KB: You starred in so many tv shows as a guest. Almost every show on tv. Do you have a favorite and why?

Barney Miller. I did four of them, and it was like rehearsing a play every time. With a terrific cast and guest stars, and a hurried rehearsal schedule we would start at the beginning of the script, and only rehearse the first scene until it felt ready. Then it would be shown to the entire cast AND crew, and everyone was encouraged to comment. Invaluable comments from everyone. Some days rehearsals and shooting went on till 3 AM, but I loved it.

KB: You wrote the play The Fox which is basically a must in theatres everywhere now. It was performed everywhere. How does that make you feel? Were you expecting this?

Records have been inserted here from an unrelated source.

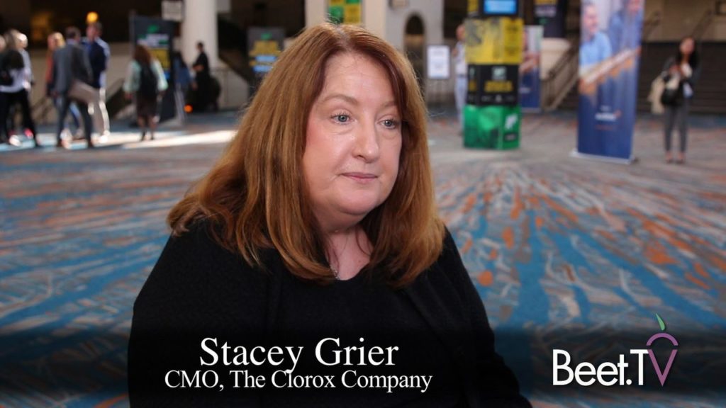 Grier, who spoke with Beet.TV at the ANA Masters of Marketing Conference, has a creative agency background that influences that view. For now, she says storytelling mostly plays a role in Clorox’s TV strategy.
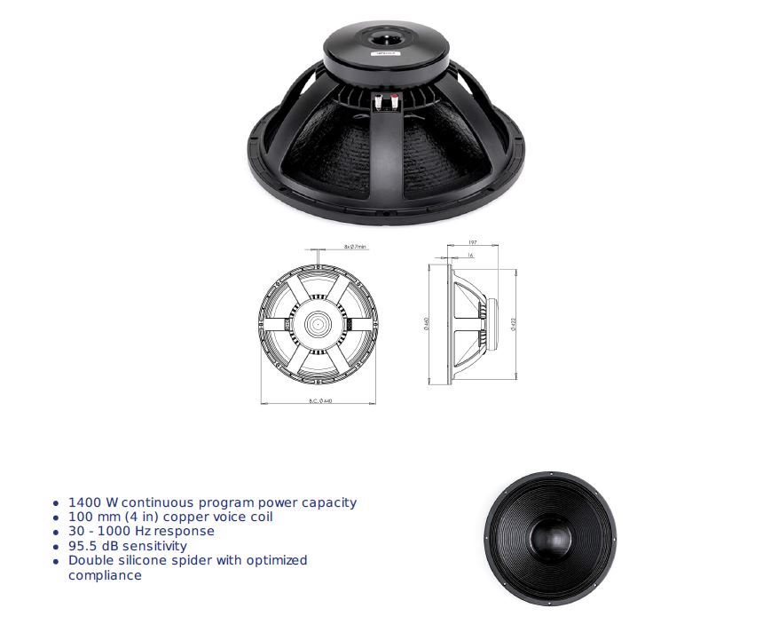 Mua tại TiktokLOA RỜI SUB 5 TẤC B&C Xuất xứ : ITALIA Voice coil bằng đồng khổ lớn 4" (100mm) cao 21mm Công Suất Program 1400 W Dải tần: 30-1000 hz Độ nhạy: 95,5 db Nam châm Ferrite Mạng nhện đôi bằng silicone Voice coil loa B&C SPEAKERS 18PS100 được thiết kế có độthông thoáng nhất định giúp bảo vệ loa. Kích thước loa: 460 x 197 mm Đường kính đến vị trí bắt ốc: 440mm Khối lượng loa: 10,5 kg BẢN VẼ
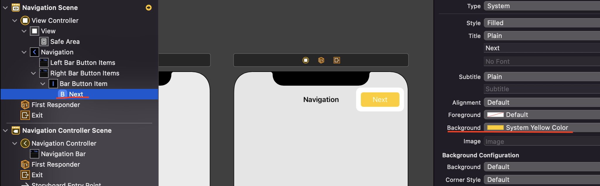 Button은 텍스트를 Next로 바꾸고 배경색을 Yellow로 바꿔보겠다.
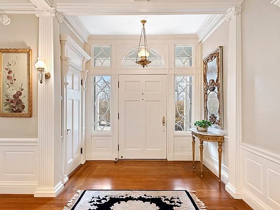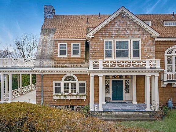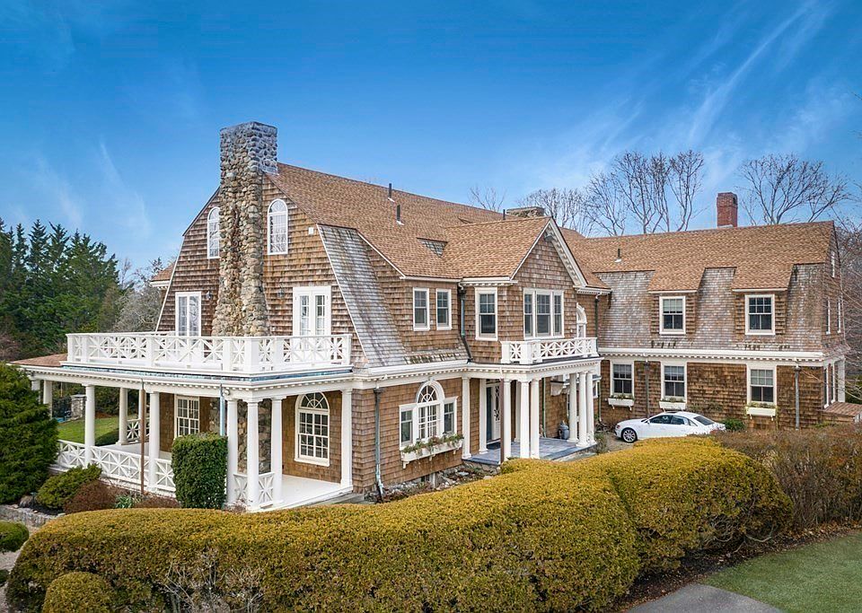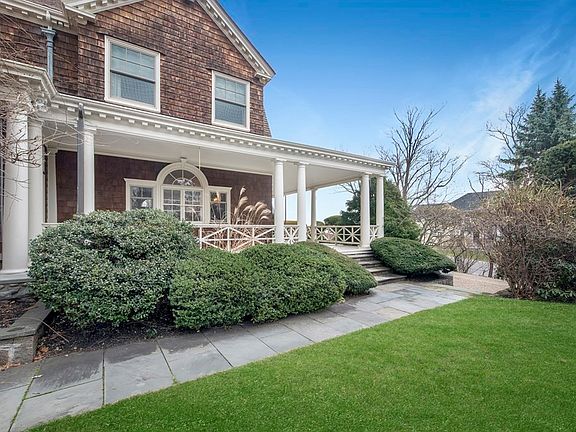 Enchanting ocean view estate with a grand residence, sprawling grounds and in ground pool just a few steps to a sandy beach. Once you enter the grand foyer, you are transported to a time of tradition, style and elegance. A stunning living room has floor to ceiling windows and a marble fireplace. Make your own memories in the formal dining room, perfect for entertaining, with a second marble fireplace, coffered ceiling, period details and French doors that lead to a covered wrap around porch and large bluestone patio. Other highlights include an updated chef's kitchen with two walk in pantries and a cozy family room, 5-6 bedrooms, 4 full and 2 half bathrooms and a separate suite with 3 more rooms for guests or home offices. Rare opportunity to live across the street and own a section of the land leading to the beach and purchase an additional adjacent lot with carriage house. Enjoy the sights and sounds of the ocean from your unbelievably beautiful, private, water view grounds.

When I became a member of The Actor’s Studio in my 20s, I began looking for material to act that was not Chekov or Arthur Miller or Tennessee Williams, so I began to re-read short stories I liked a lot. One was the D.H. Lawrence’s novella, The Fox. Great material for a young actor from Brooklyn, so I began adapting it. And it just kept going to become the play. From the day I finished the script to the day it became a production, I never changed more than a dozen lines! We produced the original production decades after I finished writing it at the Back Alley Theatre in LA, which I created and ran with my wife Laura Zucker for ten years. Of course, I was way too old to play the part I had envisioned by then, so I directed it. The Fox went on to an Off Broadway run at the Roundabout Theatre that I also directed and has been produced, as you mention, all over the world.

KB: You are 93 and still acting: What is your secret?

I actually stopped acting just last year. I don’t want to be beholden to anyone else’s schedule. I walk when I want to, I sleep when I’m tired, and I work in my garden whenever I like. Fortunately, over 60 years of acting I’ve earned enough not to worry financially. And for now, except for teaching my free Zoom acting class, that’s it. Thank you!